### The task:
In the listing below, print exactly the lines between the line holding "Для сравнения тюбик" and the line holding "El diseño de", inclusive, and no more.

### Data extract:
----------
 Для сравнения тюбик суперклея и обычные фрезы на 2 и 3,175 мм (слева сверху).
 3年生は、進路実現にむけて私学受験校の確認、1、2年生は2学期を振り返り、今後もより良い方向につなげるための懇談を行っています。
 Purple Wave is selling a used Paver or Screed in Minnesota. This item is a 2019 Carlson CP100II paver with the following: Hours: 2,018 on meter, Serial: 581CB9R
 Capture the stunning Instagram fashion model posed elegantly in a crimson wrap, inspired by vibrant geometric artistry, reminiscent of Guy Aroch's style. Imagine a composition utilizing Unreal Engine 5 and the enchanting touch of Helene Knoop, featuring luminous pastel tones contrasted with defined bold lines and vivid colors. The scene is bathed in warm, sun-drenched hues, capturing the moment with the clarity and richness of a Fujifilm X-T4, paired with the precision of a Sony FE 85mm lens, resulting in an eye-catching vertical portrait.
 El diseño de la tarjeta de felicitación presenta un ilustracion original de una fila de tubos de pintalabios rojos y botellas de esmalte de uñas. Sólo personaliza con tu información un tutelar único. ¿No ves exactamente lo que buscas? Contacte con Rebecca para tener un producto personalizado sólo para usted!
----------
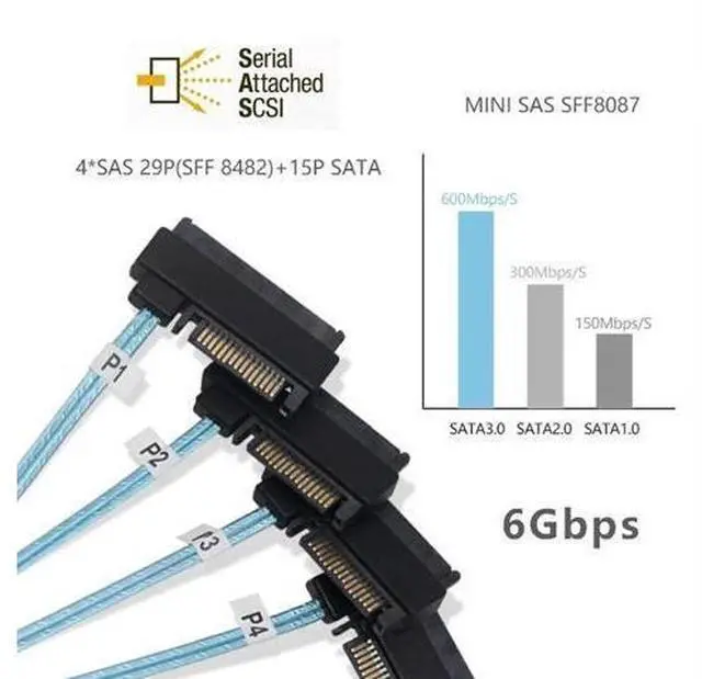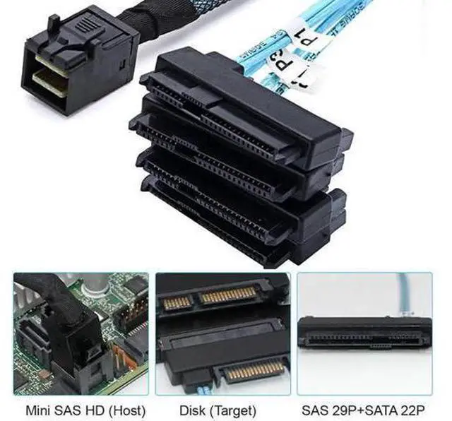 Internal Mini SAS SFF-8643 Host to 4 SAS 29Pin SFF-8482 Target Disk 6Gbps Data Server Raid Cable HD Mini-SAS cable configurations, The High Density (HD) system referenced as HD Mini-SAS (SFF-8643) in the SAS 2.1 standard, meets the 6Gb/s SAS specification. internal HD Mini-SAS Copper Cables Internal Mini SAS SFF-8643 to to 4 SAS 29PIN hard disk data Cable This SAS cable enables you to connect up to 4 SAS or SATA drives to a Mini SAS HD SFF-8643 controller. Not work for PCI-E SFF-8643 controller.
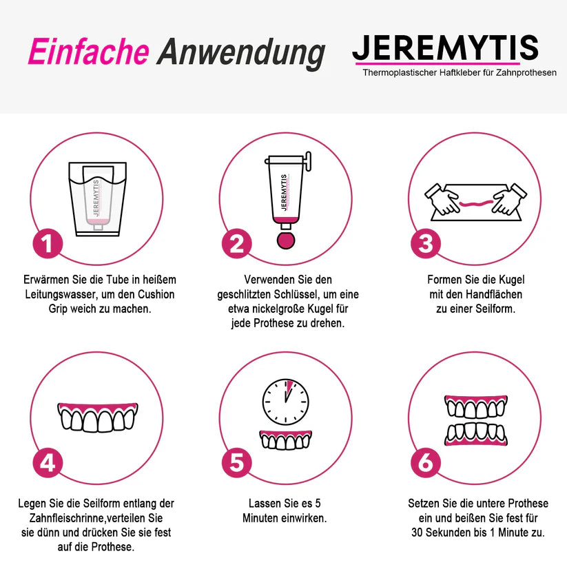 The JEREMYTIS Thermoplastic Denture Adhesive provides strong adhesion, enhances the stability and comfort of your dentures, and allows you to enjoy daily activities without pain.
----------
### Task solution:
 Для сравнения тюбик суперклея и обычные фрезы на 2 и 3,175 мм (слева сверху).
 3年生は、進路実現にむけて私学受験校の確認、1、2年生は2学期を振り返り、今後もより良い方向につなげるための懇談を行っています。
 Purple Wave is selling a used Paver or Screed in Minnesota. This item is a 2019 Carlson CP100II paver with the following: Hours: 2,018 on meter, Serial: 581CB9R
 Capture the stunning Instagram fashion model posed elegantly in a crimson wrap, inspired by vibrant geometric artistry, reminiscent of Guy Aroch's style. Imagine a composition utilizing Unreal Engine 5 and the enchanting touch of Helene Knoop, featuring luminous pastel tones contrasted with defined bold lines and vivid colors. The scene is bathed in warm, sun-drenched hues, capturing the moment with the clarity and richness of a Fujifilm X-T4, paired with the precision of a Sony FE 85mm lens, resulting in an eye-catching vertical portrait.
 El diseño de la tarjeta de felicitación presenta un ilustracion original de una fila de tubos de pintalabios rojos y botellas de esmalte de uñas. Sólo personaliza con tu información un tutelar único. ¿No ves exactamente lo que buscas? Contacte con Rebecca para tener un producto personalizado sólo para usted!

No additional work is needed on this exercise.